Therein lies the problem as I want to avoid querying the Gmail server (it wouldn’t make it easy to reproduce). Fortunately, Google have made it easy to download your data (thanks to the Google Data Liberation Front) through Google Takeout. Unfortunately, all the e-mails are exported in the mbox format. Although this is a plain text-based format it would take some effort to write a parser in R, something I wasn’t willing to do. And then came along Python, which has a built-in mbox-parser in the mailbox module.
Using reticulate I extracted the necessary information from each e-mail.
# import the module mailbox <- import("mailbox") # use the mbox function to open a file connection cnx <- mailbox$mbox("rblogs_box.mbox") # the messages are stored as key/value pairs # in this case they are indexed by an integer id message <- cnx$get_message(10L) # each message has a number of fields with meta-data message$get("Date")
##  "Mon, 12 Dec 2016 23:56:19 +0000"
##  "[R-bloggers] Building Shiny App exercises part 1 (and 7 more aRticles)"
And there we have it! I just read an e-mail from an mbox-file with very little effort. Of course, I will need to do this for all messages, so I wrote a function to help me. And because we’re living in the Age of R I placed this function in an R package. You can find it on the MangoTheCat github repo, it is called mailman.
To publish or not to publish?
I have yet to provide a rationale for publishing a blog post on a particular day so let’s quickly get to it. With the package all sorted I can now call the function
mailman::read_messages to get a
tibble with everything I need.
We can extract the number of blogposts on a particular date from the subject of each e-mail. Aggregating that to the day of the week will then give us a good overview of which day is popular.

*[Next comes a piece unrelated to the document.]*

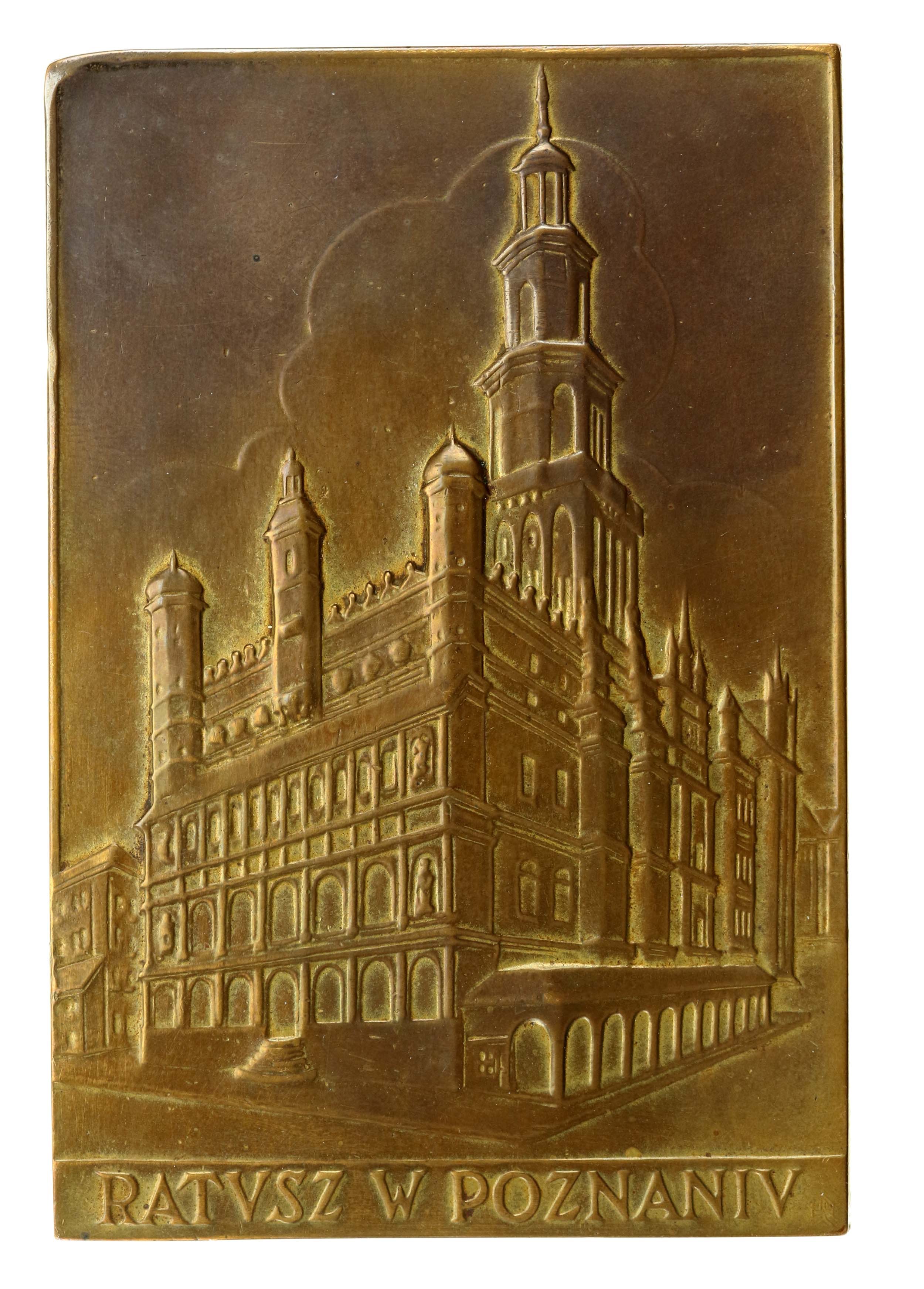 II RP, Plakieta Ratusz w Poznaniu. Mennica Państwowa, Nakład ponad 180 sztuk. Sygnowana na rewersie. Brąz. Wym. 91 x 61 mm. Stan zachowania bardzo dobry. Literatura: Strzałkowski 25b

library(dplyr) library(mailman) library(lubridate) library(stringr) messages <- read_messages("rblogs_box.mbox", type="mbox") %>% mutate(Date = as.POSIXct(Date, format="%a, %d %b %Y %H:%M:%S %z"), Day_of_Week = wday(Date, label=TRUE, abbr=TRUE), Number_Articles = str_extract(Subject, "[0-9](?=[\\n]* more aRticles)"), # Whenever a regex works you feel like a superhero! Number_Articles = as.numeric(Number_Articles) + 1, # Ok, sometimes it doesn't work but you're still a hero for trying! Number_Articles = ifelse(is.na(Number_Articles), 1, Number_Articles)) %>% select(Date, Day_of_Week, Number_Articles)
Judging by the graph, weekends would be a good time to publish a blog post as there is less competition. Then again, not many people might read blog posts on the weekend. The next candidate would then be Monday which has the lowest average among the weekdays. Coming back to my original quest, I can conclude that publishing on a Tuesday is not the best option.
In my opinion, the reticulate package is a ground-breaking development. It allows me to combine the good parts of R with the good parts of Python (it’s already in use by the tensorflow and keras packages). Also, it allows the data science community to collaborate more easily and focus our energy on getting things done. This is the future, this is R and Python (Rython? PRython? PyR?).